Года не прошло, а Махнанов без проворного и услужливого Харитона разве что в отхожее место не ходил. Грузил на него все дела без разбору и доверял, как родному сыну, забыв золотое правило: доверять — доверяй, а проверять не забывай. Наказание настигло его за эту забывчивость столь скорое, что он и охнуть не успел, как все нажитое пошло-поехало с молотка, потому что скупил кто-то все векселя махнановские, подписанные на короткий срок, а после кучей вывалил к оплате. А тут еще и Сибирский торговый банк подоспел, как черт из табакерки, выскочил и давай требовать погашения кредита, взятого еще давно.
От невзгод таких, каких раньше никогда не случалось, хватил Сидора Махнанова удар, и лишился он речи. Из каменных хором на главной улице Сибирска пришлось ему съехать вместе с семейством на окраину в простой деревянный пятистенок; из которого он выползал погожими днями на лавочку, опираясь сразу на два костыля, смотрел слезящимися глазами на мир божий и мучительно разевал рот, а по нижней губе текли белесые слюни. Сказать что-то хотел. Но так и не сказал, скончавшись прямо на лавочке.

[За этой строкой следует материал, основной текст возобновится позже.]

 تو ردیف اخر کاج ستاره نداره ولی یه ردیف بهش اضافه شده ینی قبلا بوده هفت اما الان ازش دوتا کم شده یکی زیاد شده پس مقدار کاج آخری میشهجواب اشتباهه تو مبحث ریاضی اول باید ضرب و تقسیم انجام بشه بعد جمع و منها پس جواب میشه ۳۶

Харитон выждал время, он по характеру терпеливый был, и потихоньку, не сразу, стал поднимать дела свои в гору, выше, чем Махнанов, поднялся. В последнее время про него и вспоминать не вспоминал, а вот пришлось… И смотрит Сидор, облитый ярким светом, постаревший и поседевший, будто живой, разевает рот, но голоса нет, зато слова, беззвучные, понятны — будь ты проклят, змей подколодный!
Чем дальше двигался Харитон Игнатьевич по проходу, где не иссякал свет, тем больше людей являлось к нему, и вспоминал он, что каждому из них когда-то сотворил зло. Одним большее, другим — меньшее. Отвернуться от них сейчас не мог, потому что непонятная сила толкала в спину, не зная устали. Последней явилась зеленоглазая Полина и ожгла гневным взглядом.

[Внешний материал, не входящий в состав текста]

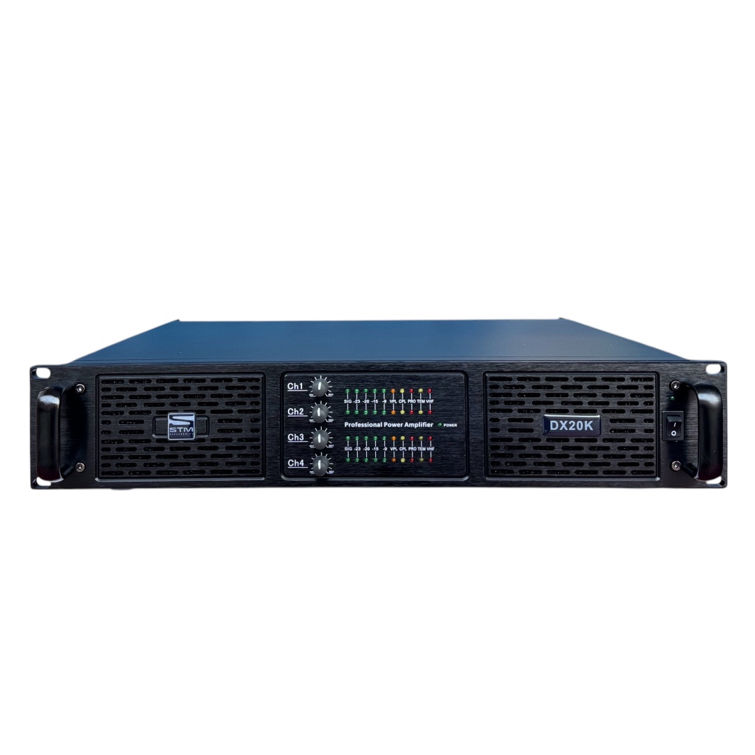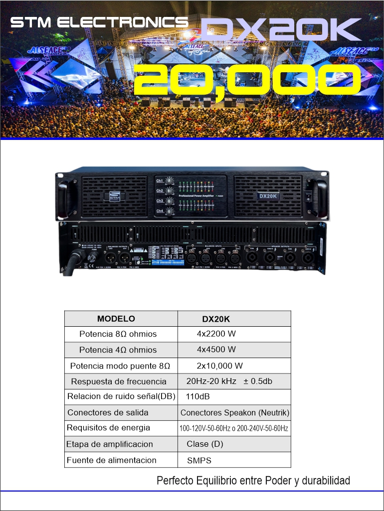20,000 WATTS POTENCIA 4X4500 WATTS 4Ω ohmios 4 x 2200 W a 8Ω4 x 4500 W a 4Ω2 x 10,000 W en modo puente a 8Ω Con el DX20K, no solo inviertes en potencia, sino en calidad, fiabilidad y tecnología de vanguardia.

«Да не хотел я твоей смерти, не хотел! Я же о другом думал! Я на руках бы тебя носил! Ноги бы мыл и воду пил!»
Не услышала.
Сверкнула еще раз глазищами, и столько брезгливого презрения просквозило в них, словно Харитон Игнатьевич в куче дерьма стоял, а над ним вонь висела.
«Да неужели я поганый такой?! Неужели прощенья мне нету?! Неужели я чистым никогда не был?!»
Взывал непонятно к кому и не получал ответа. Лишь снова увидел самого себя, маленького, лет пяти, не больше. Поднимаются они на высокое церковное крыльцо с матерью, день жаркий, деревянные доски нагрелись и вливают тепло в босые пятки, как печка. А в церкви прохладно, свечки огоньками трепещут, и лики с икон строго, даже сурово, смотрят. Харитоша слегка оробел, крепче ухватил мать за руку, даже головенку в плечи вжал, но тут увидел на иконе глаза, очень похожие на материнские, и ему легко стало, светло, будто проснулся утром, а в окно солнце светит. Он ближе пошел к иконе, потянул за собой мать и остановился, пораженный, разглядев — руки прижаты к груди, а в грудь вонзились стрелы. «Больно же, — шепотом сказал он матери, — зачем из лука стреляли?» «Это грехи наши, сынок, — услышал в ответ. — Все они стрелами в Богородицу летят и ранят, а она за нас, неразумных, плачет». Маленькое сердчишко сжалось от сочувствия, больно стало, но не так, когда ударишься или упадешь, боль эта была совсем иная, и такая сильная, что он заплакал безутешно и не мог остановиться, пока мать не взяла его на руки и не подняла к краешку иконы. Он ткнулся в этот краешек мокрыми от слез губами, и будто свет вспыхнул…
* * *— Гляжу, а над дорогой свет, я даже струхнул поначалу — какой свет посреди ночи? Подъехал, а он лежит, родимый, коченеет. Ну, я его завалил в сани и поехал, оглядываюсь, а никакого света нет — темень. Как была, так и есть темень. Но свет-то светил, я из ума пока не выжил! Своими глазами!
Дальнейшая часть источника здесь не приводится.